The Perils of Vendors Storing PHI
Recently over 14,000 Medicare recipients of Brand New Day’s health plan had their personal records exposed due to an error from a third party vendor. According to HealthITNews, the breached data included PHI such as names, addresses, dates of birth, contact information, and Medicare ID numbers. Though this breach was unintentional, it leaves one wondering, why or how do these HIPAA violations keep occurring.

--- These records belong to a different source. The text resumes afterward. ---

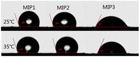 The test of static water contact angles of the different MIPs at 25 °C and 35 °C, respectively.
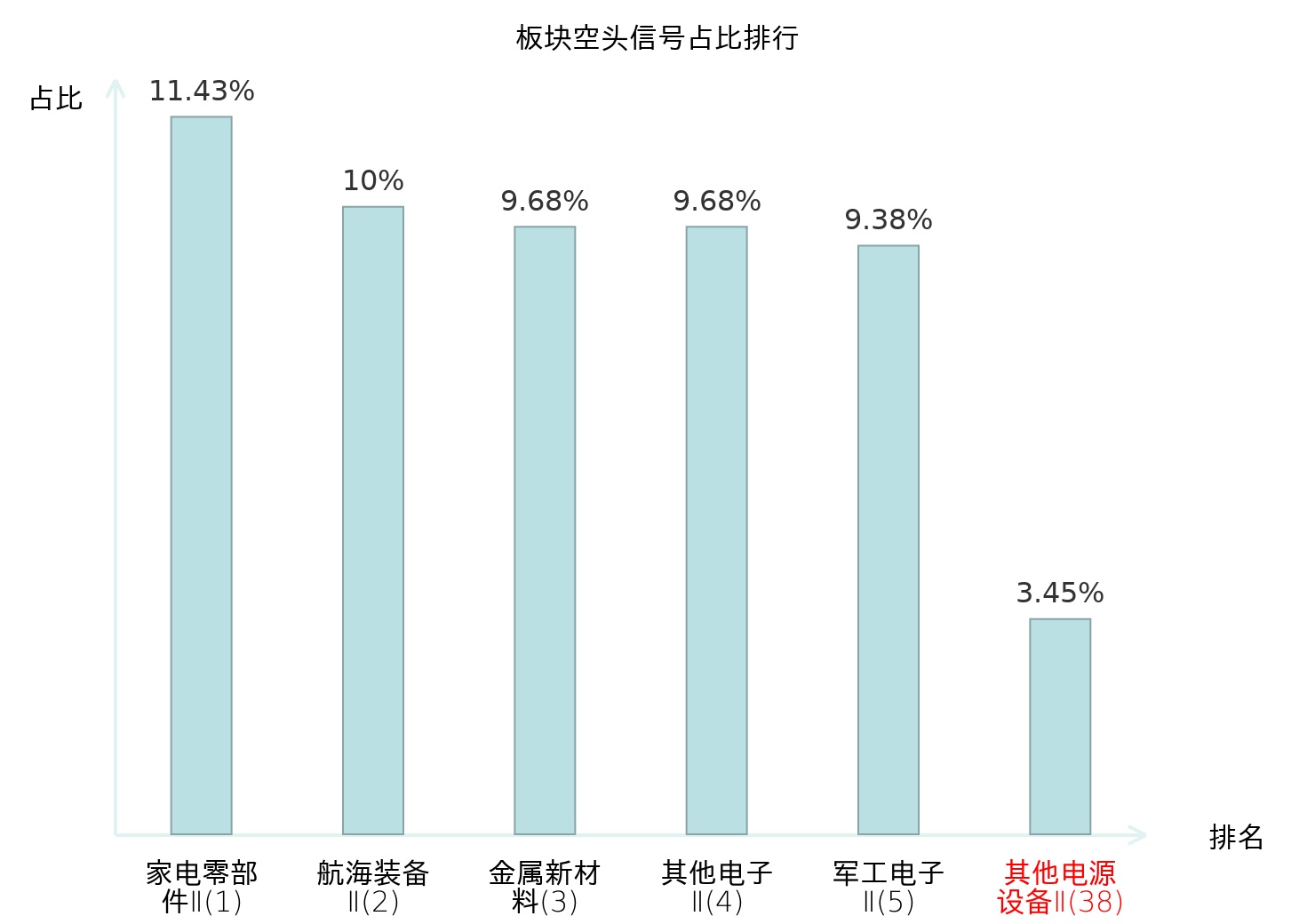 全市场所有行业板块中主力空头信号占比排名中,家电零部件Ⅱ板块位居第一。饮料乳品板块名次提升最快,较昨日上升114位。
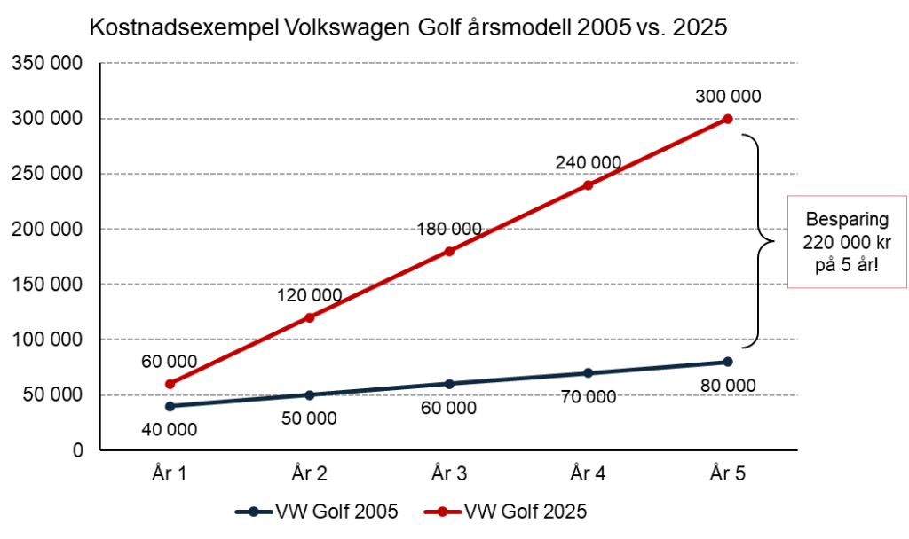En 20 år gammal Volkswagen Golf, årsmodell 2005, i fint skick har ett pris på ca 30 000 kr. Om vi budgeterar en service och reparationskostnad inklusive försäkring på 10 000 kr/år så innebär det en totalkostnad på 80 000 kr för 5 år.
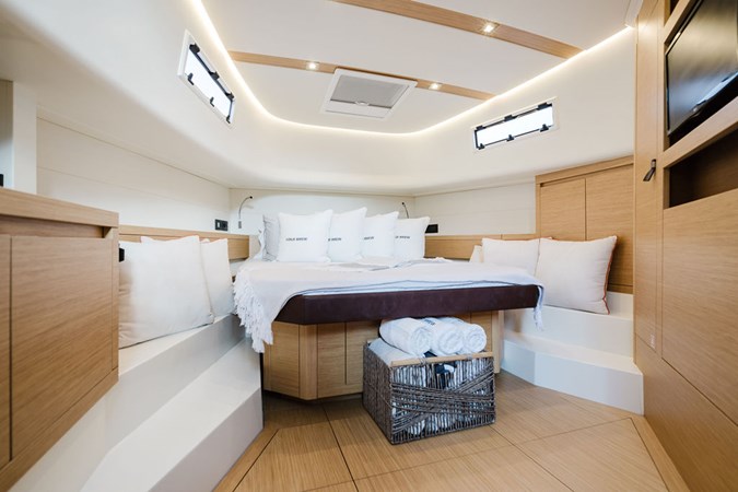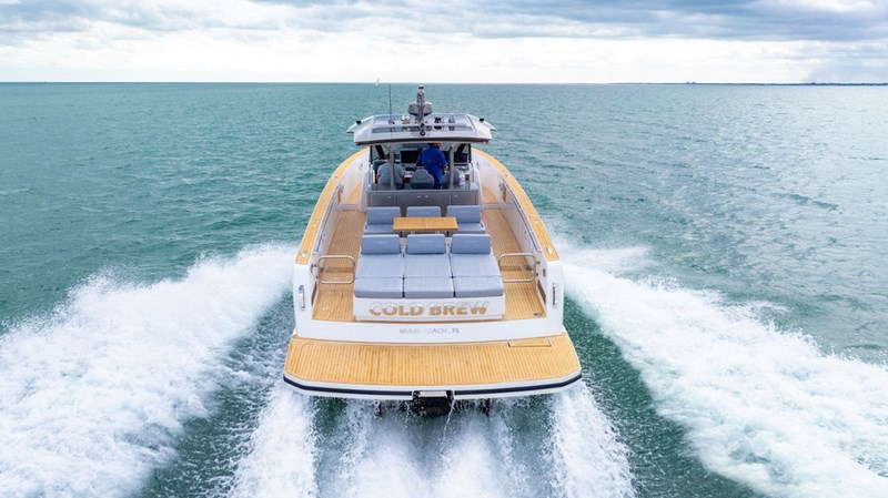 COLD BREW is a striking blend of luxury and performance, featuring sleek, contemporary Italian design. Launched in 2022 by Pardo Yachts, she is powered by twin Volvo IPS 650 engines, delivering maneuverability and impressive speeds up to 38 knots, ensuring a smooth and exhilarating ride. The spacious interior includes a well-appointed cabin with modern amenities, a fully equipped galley, and is spec’d to the highest standards. She features many upgrades including a custom Pagani paint scheme with new cushions, upgraded stabilizer, FLIR camera, electric bimini, and aft shower on the swim platform. Ideal for both day trips and extended voyages, the Pardo 43' COLD BREW is the perfect balance between elegance and functionality.
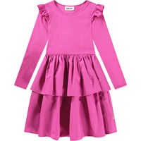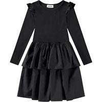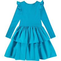 Long-sleeved Turquoise dress in organic cotton with a snug ribbed jersey top, round neckline, a small ruffle at the shoulders, and a double-layered cotton poplin skirt that adds plenty of gathering and volume.
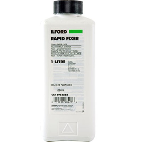 Ilford RAPID FIXER 1lt 1984262 (1) is a non-hardening rapid fixer supplied as a liquid concentrate that is diluted with water for use. The fixing agent in Ilford Rapid Fixer is ammonium thiosulphate, and contains no sodium thiosulphate (hypo).
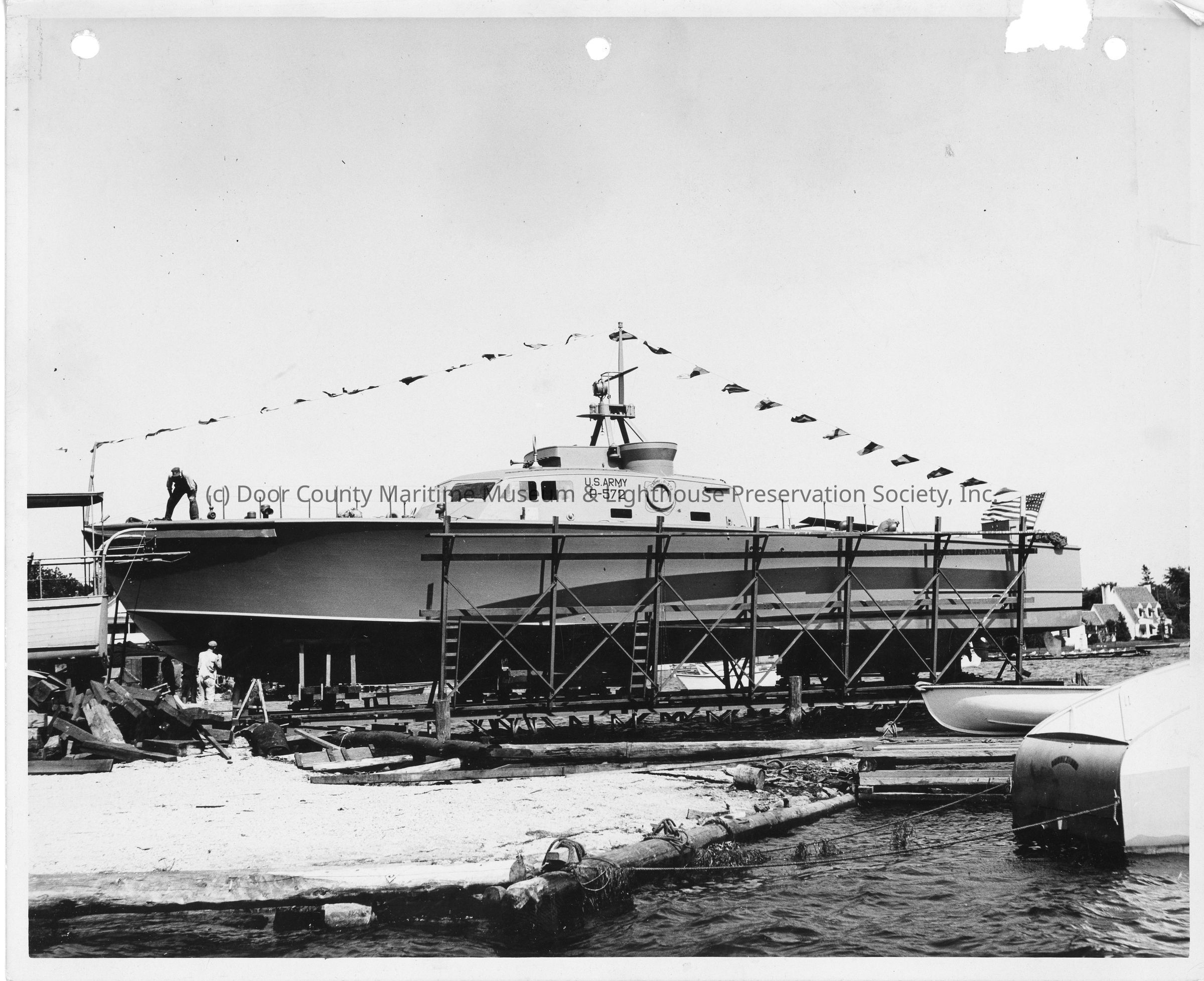 Man standing on deck of P-572 in cradle at Peterson Boat Works August 8, 1944
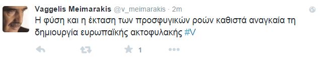 Τη δημιουργία ευρωπαϊκής ακτοφυλακής ζητά ο Βαγγέλης Μεϊμαράκης με μήνυμά του στο Twitter.

Healthcare environments have many moving parts, so much so that third parties vendors with varying specialties are required in order to provide all levels of service for patients. However, the inherent danger of such partnerships is the handling of PHI through these various services. The moment an organization grants access to this data to their partners, the uncertainty of PHI hand-off ensue.
From malicious intent to basic human error, the breach of patient data can originate from many points. A vendor’s IT department could backup the PHI on a laptop for any reason. That laptop could then become lost or stolen, thus exposing patient information. Employees of third parties could also become victims of phishing scams or ransomware attacks, that makes the entire database on their internal servers vulnerable. The point really is more of a question. With such risk, how do you manage which vendors should access and store your PHI?
Our philosophy at QliqSOFT is this: If a vendor does not need PHI, then the vendor should not store PHI. That is why we developed our exclusive Cloud Pass-ThruTM architecture, which only utilizes cloud-based servers as a conduit for transferring encrypted messages between Qliq secure texting users. In contrast, legacy client-server messaging architecture stores all messages and PHI in the vendor’s cloud server creating unnecessary security risks. Keeping this data only opens vendors to potential breaches such as the one mentioned above.